Somewhat irritating to one who knows the book well
21 July 2004 | by (Patterson, New York) – See all my reviews

In This House of Brede is just about my favorite Rumer Godden novel. However, this adaptation shows the limitations made-for-TV movies labor under better than any other example I could name.

Granted, it's hard to take a 369 page novel spanning more than 20 years and boil it down to something that can be turned into 90 minutes of film. The secret in doing it right is not what you leave, but what you take away and why. In this case, a better job could have been done.

All right; I can see why the whole Duranski subplot went away. It's too hard to film and despite what it reveals about the nuns and their interactions, and how secular people interact with the religious, it does not really advance the plot. Likewise the subplot of Lady Abbess's pectoral cross; it does not really advance the main plot line. Ditto the whole Vatican-II-changes subplot. However, the writer and director did not stop there. In my opinion, deleting the entire Sister Kazuko-Dame Colette plot line was a major mistake; it reduces the entire Japanese novitiate subplot almost to a device. It makes me wonder if the screenwriter missed the whole point of the novel.

The core of the book is about conflicts. Conflicts of self, of want versus duty; conflicts between people; conflicts between the secular and the sacred. Very little of that came through in the final version. Indeed, many of the conflicts were eliminated by the transmogrification of characters. McTurk is gone, with some of his wisdom and understanding grafted onto Sir Richard. Dame Maura is completely eliminated; that was a bad move. The cloying, annoying Dame Veronica has likewise vanished, and with her the conflict between the fluff she writes and the weighty substance of Dame Agnes's work. Dame Agnes herself has been fused with Mother Mistress Emily Lovell in one of the odder recharacterizations I've even seen in a movie, with the result that her edge (Dame Agnes's trademark) is thoroughly blunted. We see the Scallons (Dame Johanna's parents in the movie, Dame Cecily's in the book) only for moments, scarcely long enough to figure out who they are, but not long enough for us to understand why Dame Johanna ended up as she is and where she is. Larry Bannerman, of all the minor characters, is the only one whose part actually illuminated one of the major characters and pointed up best the real conflicts of the religious life as opposed to the secular; far better even than the compare-and-contrast of Philippa Talbot versus Dame Philippa of Brede Abbey.

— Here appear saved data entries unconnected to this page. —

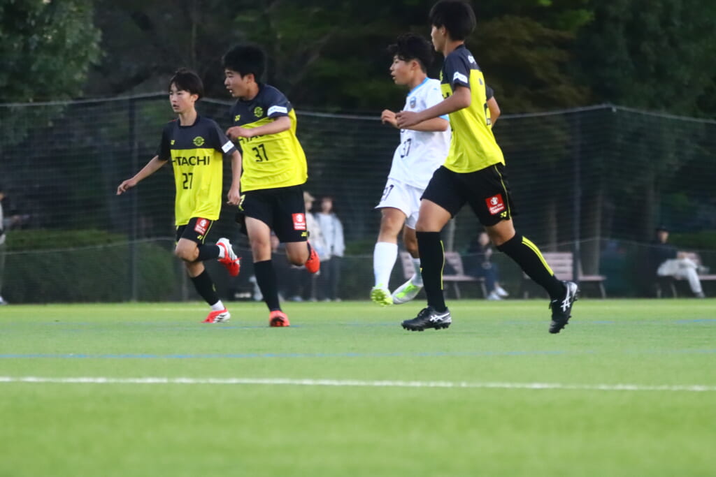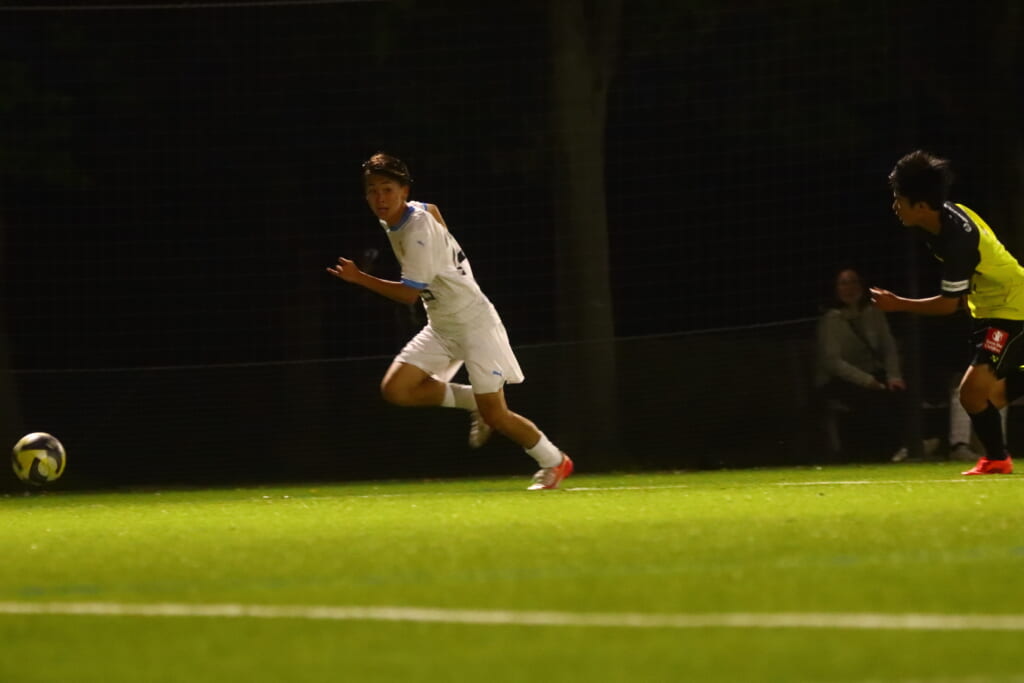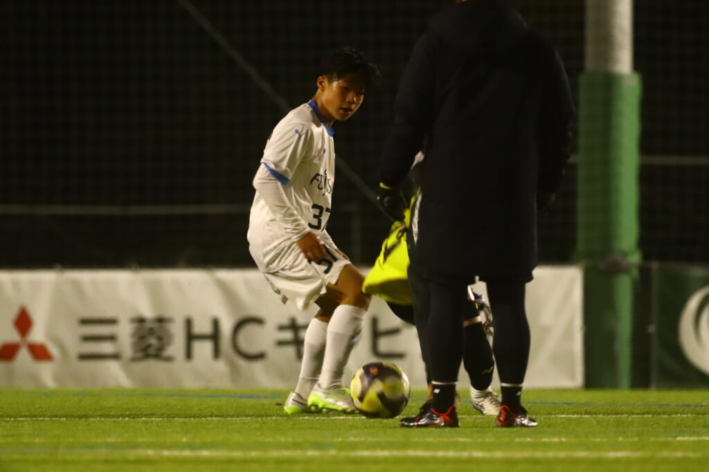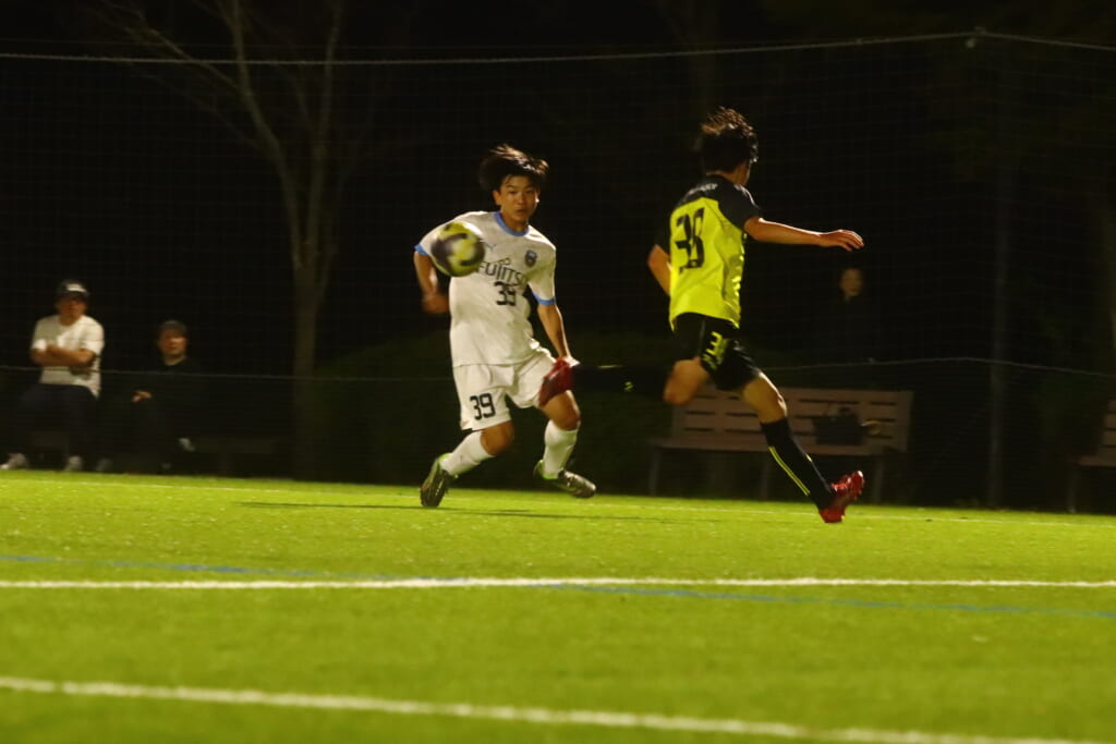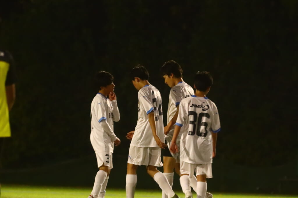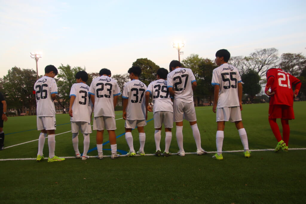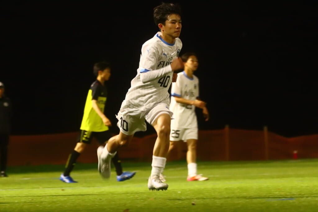 先発は、GK21佐藤惇太、最終ラインは右から38上原快斗、25奥村翔依、35劉明浩、37糸賀亜輝、ボランチは24秋元佑生、27井出翼、右MF36赤井涼南朗、左MFキャプテンの30田中陽生、前線には34浅沼夏都、39水上零仁。
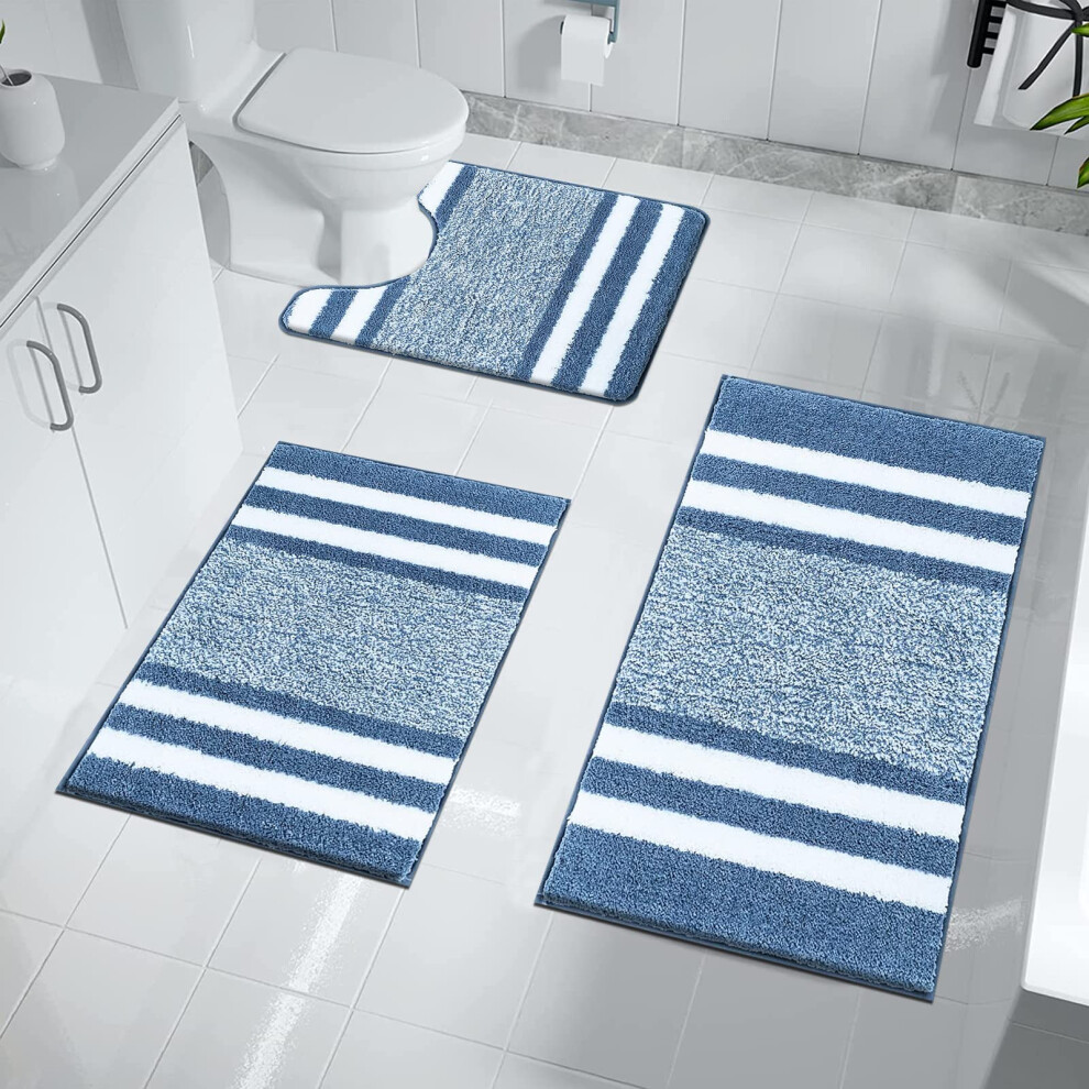 3 Piece Bath Mat Set,Bath and Toilet Mat Set,Machine Washable Super Absorbent B
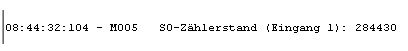 08:30:32:487 - M005 S0-Zählerstand (Eingang 1): 284402
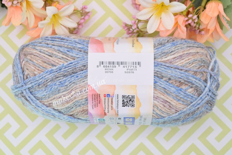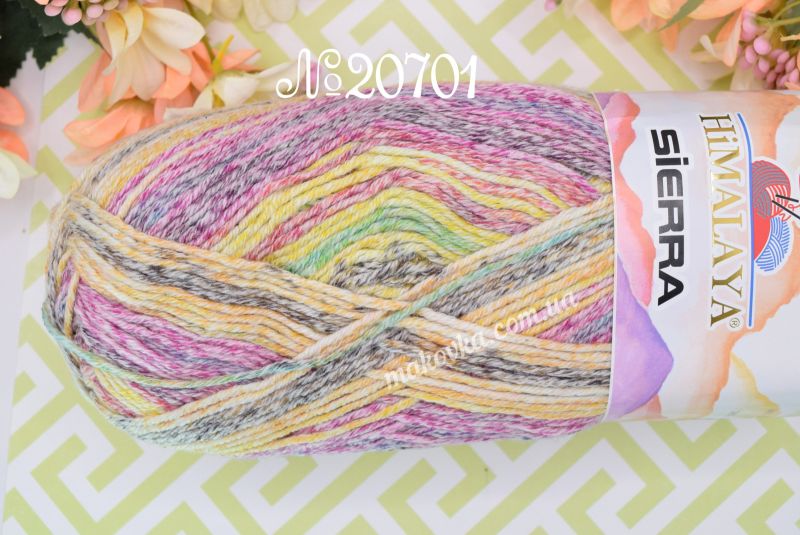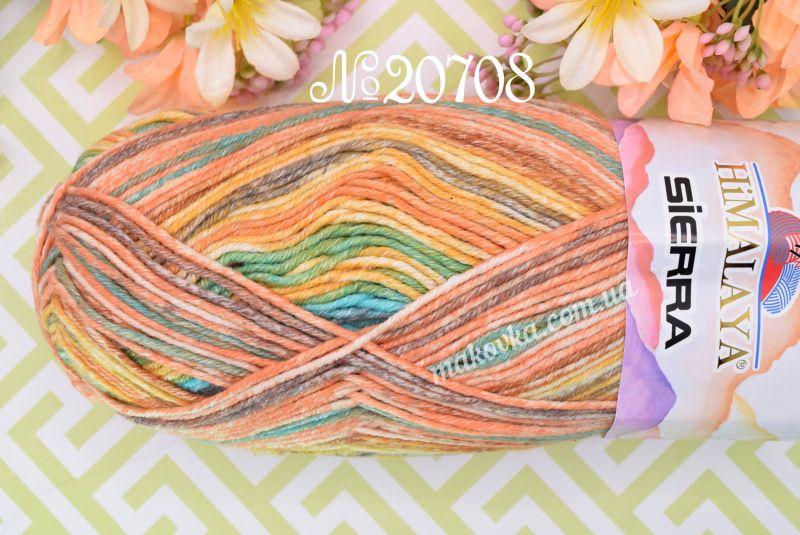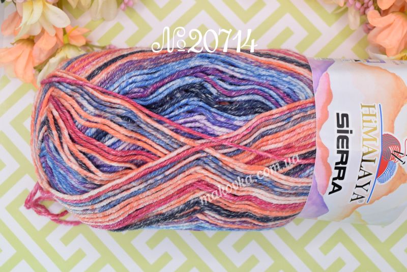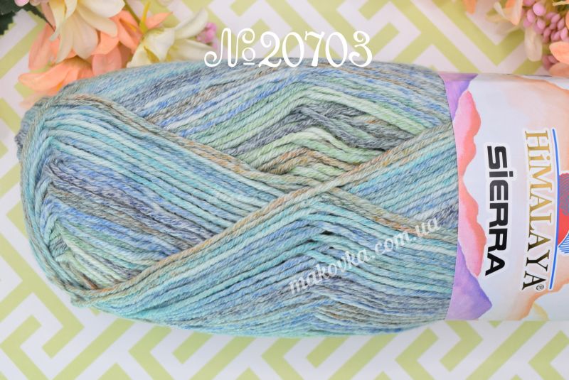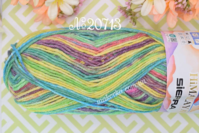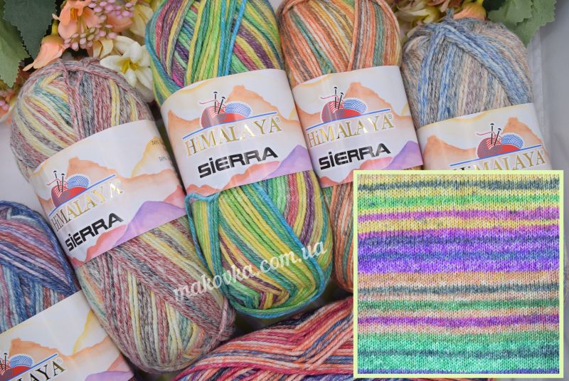 Пряжа Sierra Himalaya — це м’яка напівбавовняна нитка з яскравим секційним фарбуванням. Головна особливість цієї серії — контрастні кольорові переходи з ефектом легкої «потертості», що під час в’язання викладаються у чіткі, виразні смужки.

The best thing about this TV movie is that it points out the crying need for a theatrical feature to be made from this book. It cries for a director with clear vision and a fresco big enough to paint not merely the major portraits, but the miniatures around the edges and in the background. Oh, this 1975 version stands on its own; but it has the same sort of choppiness Cuaron brought to Harry Potter and the Prisoner of Azkhaban, and that does not serve the novel at all well. It requires a slower, more deliberate pace - and above all, a budget big enough that characters do not have to be combined to their detriment, and at least a couple of the plot lines that had to be cut, to be restored.

Even with all these grumbles, there are worse ways to spend an evening than in the company of the nuns of Brede. It's not a bad little movie when all is said and done; it is simply one that could, and should, be done better on the large screen.